Exercise aim ->
Down to the last line, print the data that follows exactly, without its pictures.

Dataset content ->
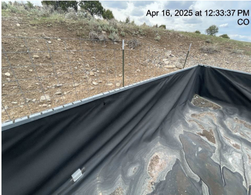
Previous inspection photo
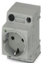
Socket, Pin connector pattern type CF, Screw connection, LED display and fuse 5 x 20 mm, 6.3 A, gray, for mounting on a DIN rail in the service interface or direct mounting, 250 V AC, 16 A, -20 °C, 60 °C, VDE 0620-1

Please be informed that the data shown in this PDF Document is generated from our Online Catalog. Please find the complete data in the user's documentation. Our General Terms of Use for Downloads are valid ( http://phoenixcontact.com/download )

Response box ->
Previous inspection photo
Socket, Pin connector pattern type CF, Screw connection, LED display and fuse 5 x 20 mm, 6.3 A, gray, for mounting on a DIN rail in the service interface or direct mounting, 250 V AC, 16 A, -20 °C, 60 °C, VDE 0620-1

Please be informed that the data shown in this PDF Document is generated from our Online Catalog. Please find the complete data in the user's documentation. Our General Terms of Use for Downloads are valid ( http://phoenixcontact.com/download )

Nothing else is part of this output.